Écrire à plusieurs mains
Résumé
L'importance croissante des formes collectives d'écriture semble
témoigner d'une tendance à la liquidation de la conception romantique de
l'auteur. Elle s'affirme au profit d'un style de vie symbolique dans lequel
autrui cesse d'être une abstraction.
Renga
Le renga, forme de poésie collective très réglée, connut une faveur
extrême au Japon entre le 8ème et le 15ème siècle. Plusieurs personnes
écrivaient à la suite. Chacune s'astreignait à lier son apport à celui de son
prédécesseur, qui lui passait en somme la main et la voix.
Ressuscitant le renga à la fin des années soixante, moins comme
genre que comme système de production de textes, quatre poètes
s'enfermèrent dans un hôtel de la Rive Gauche parisienne pour produire des
poèmes à quatre mains et à quatre langues. Octavio Paz participait à
l'expérience. Dans un commentaire qui précède le livre qui en résulta,
intitulé Renga 1 , il fait observer que leur culture commune de la poésie
européenne, plus importante que les différences de langues maternelles,
infléchissait la pratique du renga vers les jeux surréalistes.
J'ai participé pour ma part à l'écriture de mon premier renga, en
prose, vers la fin des années soixante-dix. Elisabeth Bing, pionnière des
ateliers d'écriture français, animait la séance. Elle tenait entre ses mains
Renga, dont elle nous lut quelques passages. Quelques mois plus tard, avec
quelques jeunes auteurs rochelais, nous mettions le principe du renga au
service de l'écriture de textes accompagnant une exposition de collages…
Japon du 12ème siècle, surréalisme, Europe soixante-huitarde,
ateliers d'écriture… L'écriture collective a une histoire, qui se trouve au
cœur de questions vivantes. De quoi cette histoire nous parle-t-elle ? À
partir de quand, et sur quels critères, peut-on parler d'écriture collective ?
Quel est le sens, enfin, de ce goût croissant pour les écritures à plusieurs
mains ?
Le surréalisme, encore
Parler d'écriture collective, c'est se référer à la collecte. Il s'agirait de
colliger — l'étymologie est la même — les textes qui vont constituer un
recueil. Mais à se contenter d'évoquer le mouvement centripète qui
rassemble des textes d'origine diverses — contributions, articles, nouvelles,
critiques, etc. — au sein du même livre, on perd de vue l'essentiel : ce qui
se joue de neuf en Europe autour de cette pratique.

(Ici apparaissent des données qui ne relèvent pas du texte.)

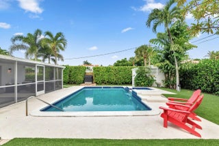 Welcome home! This turnkey and recently renovated 3 bedroom, 2 bathroom home with a heated swimming pool and spa is move-in-ready. Focused on space planning while renovating, the home now features a newly expanded kitchen and layout, new kitchen cabinets, appliances and laundry room. This charming home feels much larger than its 1,971 square footage and boasts full impact rated windows and doors as well as a 2019 roof, checking off all the insurance boxes. Walking in the front door, you will notice the cohesive tile floors throughout that lead you to the covered and screened in porch overlooking the large private backyard with mature Clusia hedges. Located in the Palm Beach Public elementary school district and close to area beaches, Flagler Drive bike path, City Place, fabulous dining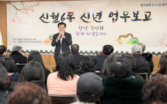![]() 지난 1월 신월6동 신년 동 업무보고회에서 구민과 소통중인 이기재 양천구청장 |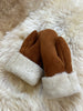 Made from 100% sheepskin. These mittens are lined with cozy and warm natural sheepskin to keep your hands at their ideal temperature. NO synthetic materials are used, making these the ideal gloves to slip-on whenever you need to keep your hands protected from the cold.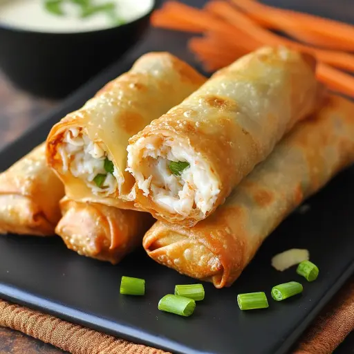 Serve your Crab Rangoon Egg Rolls warm, accompanied by a variety of dipping sauces. Sweet and sour sauce, soy sauce, or even a spicy chili sauce can complement the flavors beautifully. For an extra touch, garnish with fresh cilantro or additional chopped green onions.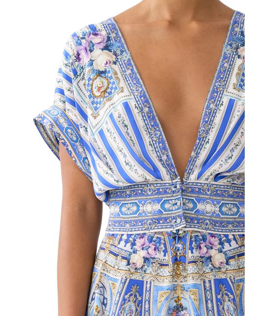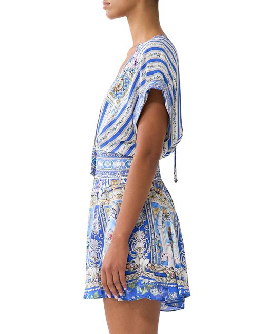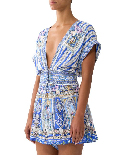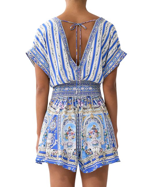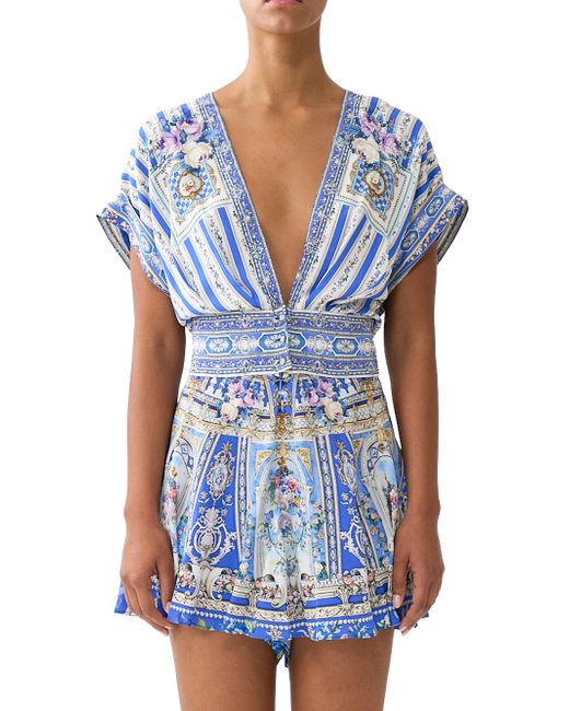 Crafted of luxurious silk, Camilla's playful romper features the brand's Ottoman print, a defined button-front waist, and a daring V-neckline. Plunging V-neck Short sleeves Banded waist Button-front closure 100% silk Dry clean Imported SIZE & FIT Model measurements: 5'10" tall Model is wearing a US size Small ABOUT THE BRAND Camilla's line of warm-weather separates, dresses and swimwear is reminiscent of the brand's birthplace on the shores of Bondi Beach in Australia. Renowned founder and Creative Director Camilla Franks oversees exquisitely produced and often-handmade designs. Created for the artistic globetrotter who can't get enough of the beach, Camilla's pieces come to life through vivid color and print. Outerwear And Swimwear - Contemporary Swim > Camilla > Saks Fifth Avenue. Camilla. Color: Blue Multi. Size: Medium.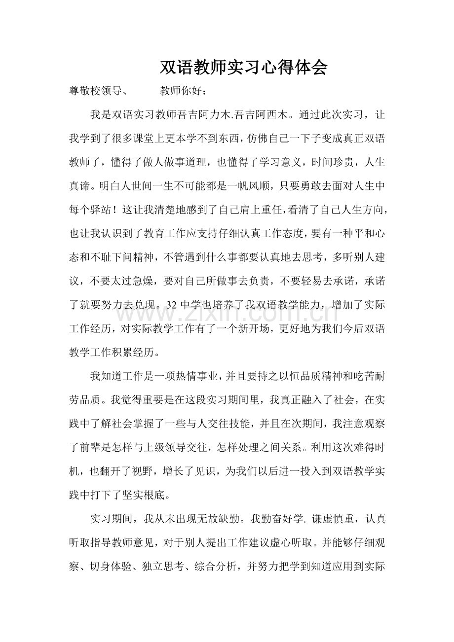 我是双语实习教师吾吉阿力木.吾吉阿西木。通过此次实习,让我学到了很多课堂上更本学不到东西,仿佛自己一下子变成真正双语教师了,懂得了做人做事道理,也懂得了学习意义,时间珍贵,人生真谛。明白人世间一生不可能都是一帆风顺,只要勇敢去面对人生中每个驿站!这让我清楚地感到了自己肩上重任,看清了自己人生方向,也让我认识到了教育工作应支持仔细认真工作态度,要有一种平和心态和不耻下问精神,不管遇到什么事都要认真地去思考,多听别人建议,不要太过急燥,要对自己所做事去负责,不要轻易去承诺,承诺了就要努力去兑现。32中学也培养了我双语教学能力,增加了实际工作经历,对实际教学工作有了一个新开场,更好地为我们今后双语教学工作积累经历。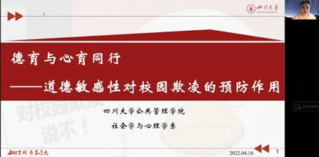 为了将研究结果反馈给一线教师,并推动校园欺凌干预课程的开发工作,4月16日,项目组召开了“德育与心育同行:道德敏感性对校园欺凌的预防作用”线上研讨会,校园欺凌领域专家、中小学校长及教师等约50人参会。刘传军老师对四川省社会科学“十四五”规划2021年度项目的资助、williamhill体育在线登录自主科研计划的支持,以及参与本次调研的专家及一线教师致以谢意后,应用心理硕士生谢忠桔对调研的基本过程与结果进行了总结汇报。在随后的自由讨论环节,沈潘艳副教授根据自身课程设计经验,提出可以从学生的认知失调、情绪觉察能力方面入手,引导学生关注受害者被欺凌时的具体情况以及由此带来的痛苦,以增加其对受害者的帮助行为。一线心理健康教师代表、来自天府四中的蔡倩老师,结合实务经历指出,一方面,欺凌相关的校园情景剧以及权威人士对欺凌法律责任的普及可能对反欺凌起到一定推动作用,而另一方面,为学生明确欺凌定义可能起到反作用,如“欺凌”一词可能成为学生之间取笑的工具,因此,反欺凌课程的设计中诸多细节不容忽视。

1 Octavio Paz, Jacques Roubaud, Edoardo Sanguineti et Charles Tomlinson, Éditions Gallimard,
1971. Introduction de Claude Roy, poème collectif et réflexions des auteurs.
2
Paz a raison. Il faut remonter jusqu'au surréalisme et aux pratiques
neuves qui résument son esprit : cadavres exquis, écriture automatique, etc.

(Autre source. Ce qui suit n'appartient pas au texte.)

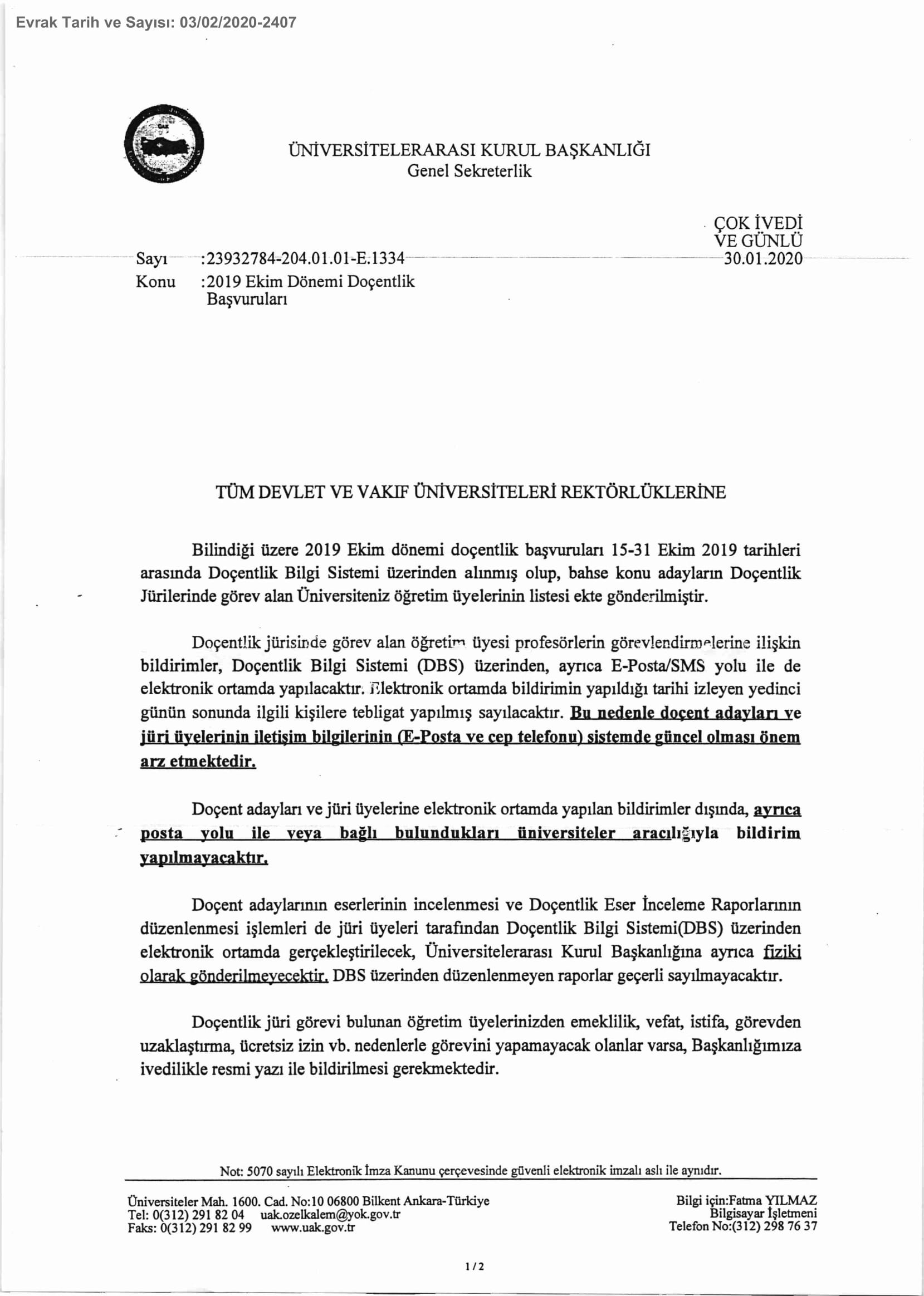Üniversitemizde Profesör Kadrosunda Görev Yapan Öğretim Üyelerinin Dikkatine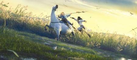 电影《长安三万里》中李白挥剑与高适激斗的场景。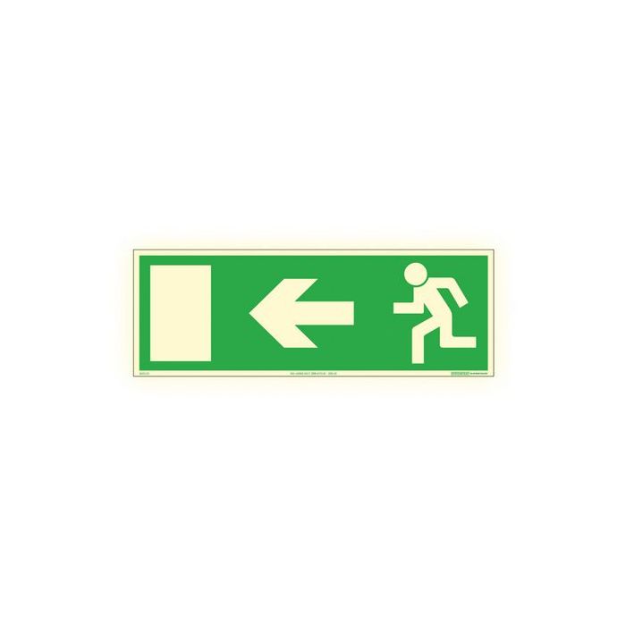 Efterlysande skylt i aluminium i storlek 420 x 148 mm. Symboler och utformning enligt AFS 2008:13, med betydelsen 'Härifrån till vänster'.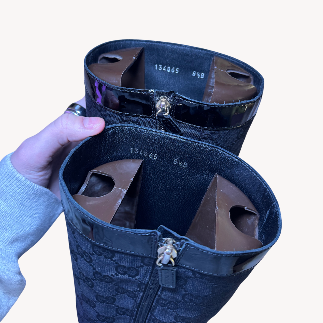 Gucci: Vintage Black Logo Print Knee-High Boots (8.5)

On écrit une phrase à plusieurs en pliant des papiers pour ignorer ce qu'ont
écrit les mains précédentes. Puis on lit, on s'esclaffe, on s'émeut. Le hasard
écrit, soutenu par une combinatoire syntaxique, et c'est le paradigme des
jeux d'écriture poétique qui prolifèrent aujourd'hui dans les cours de
français comme dans les ateliers d'écriture. Ou bien on y pratique cette
“écriture automatique” qui constitue l'une des définitions données par
André Breton du surréalisme.
Les ateliers prolongent ainsi, à leur façon, le rêve démocratique, des
surréalistes. Les surréalistes tenaient aux pratiques collectives. Dès 1919,
Breton et Soupault avaient écrit Les Champs magnétiques 2 . En 1930,
Breton et Éluard publient L'immaculée conception 3 . Ils affirment : “Être
deux à détruire, à construire, à vivre, c'est déjà être tous, être l'autre à
l'infini et non plus soi”. On reconnaît l'influence de Lautréamont : “La
poésie doit être faite par tous, non par un” (ou du moins : à plusieurs). Il
s'agit de “changer la vie” : de réconcilier vie et poésie après la boucherie de
14.18. Il s'agit d'une expérimentation capitale.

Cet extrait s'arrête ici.